[Start of section]
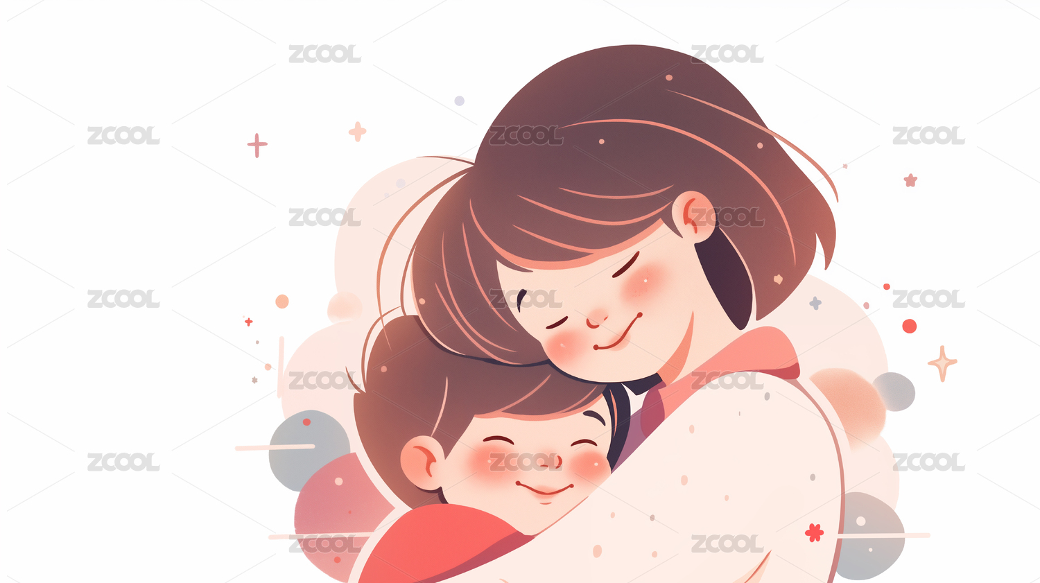 粉色背景,母亲拥抱着女儿,幸福地微笑
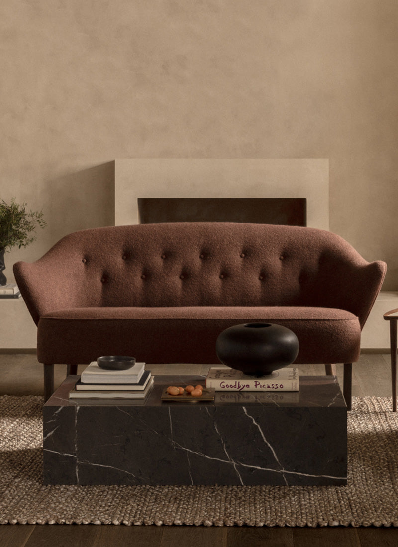 Featuring signature curved armrests, a buttoned backrest, and elegant wooden legs, its generous proportions offer both visual charm and inviting comfort. Sharing the same sculptural aesthetic as its companion lounge chair, the two form a warm and cohesive pair in any modern interior. The Ingeborg Sofa is available in a variety of refined upholstery options, with legs offered in natural oak or smoked oak.
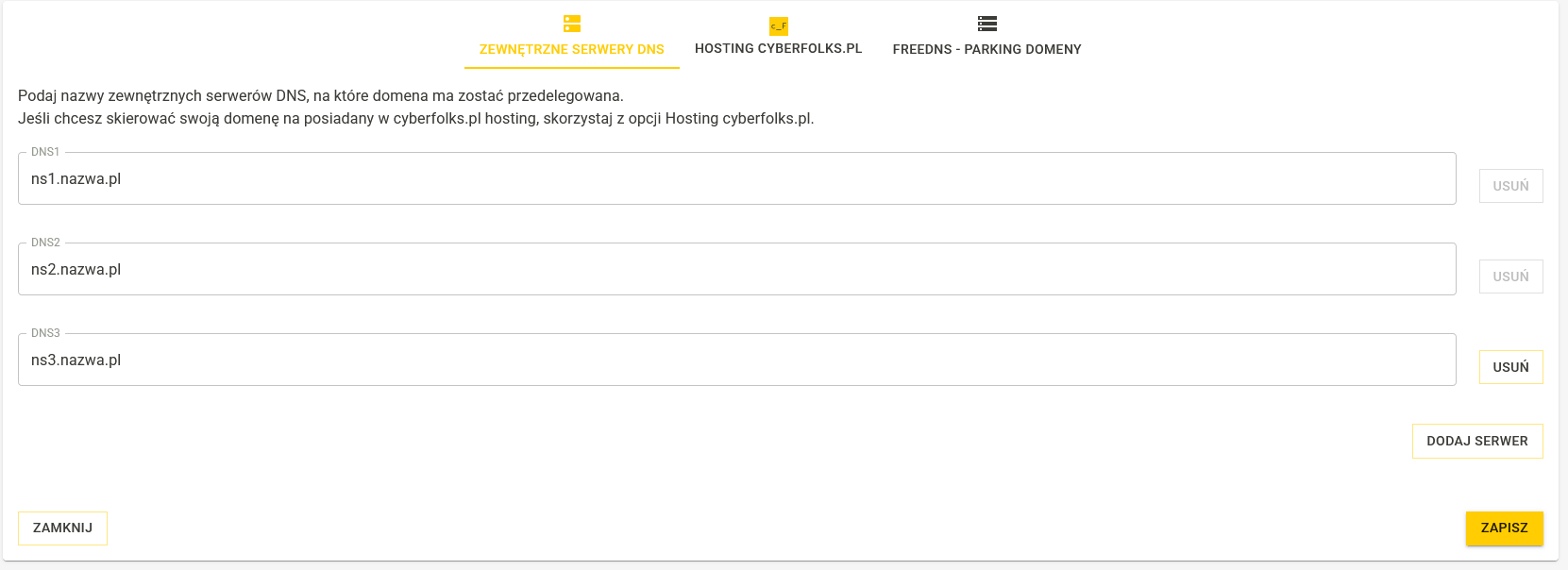 - Wprowadź serwery DNS nazwa.pl: ns1.nazwa.pl, ns2.nazwa.pl i ns3.nazwa.pl.
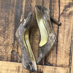EMY MACK Brown Snakeskin Pointy Toe Pumps
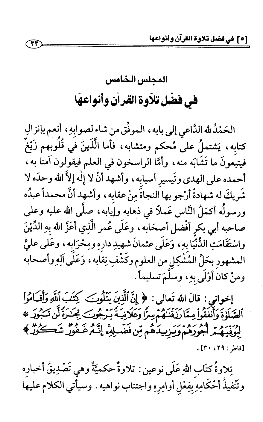 المجلس الخامس: في فضْل تلاَوة القرآن وأنواعهَا
[End of section]
Each line of the data above must be reproduced as written. Skip the pictures.

 粉色背景,母亲拥抱着女儿,幸福地微笑
 Featuring signature curved armrests, a buttoned backrest, and elegant wooden legs, its generous proportions offer both visual charm and inviting comfort. Sharing the same sculptural aesthetic as its companion lounge chair, the two form a warm and cohesive pair in any modern interior. The Ingeborg Sofa is available in a variety of refined upholstery options, with legs offered in natural oak or smoked oak.
 - Wprowadź serwery DNS nazwa.pl: ns1.nazwa.pl, ns2.nazwa.pl i ns3.nazwa.pl.
EMY MACK Brown Snakeskin Pointy Toe Pumps
 المجلس الخامس: في فضْل تلاَوة القرآن وأنواعهَا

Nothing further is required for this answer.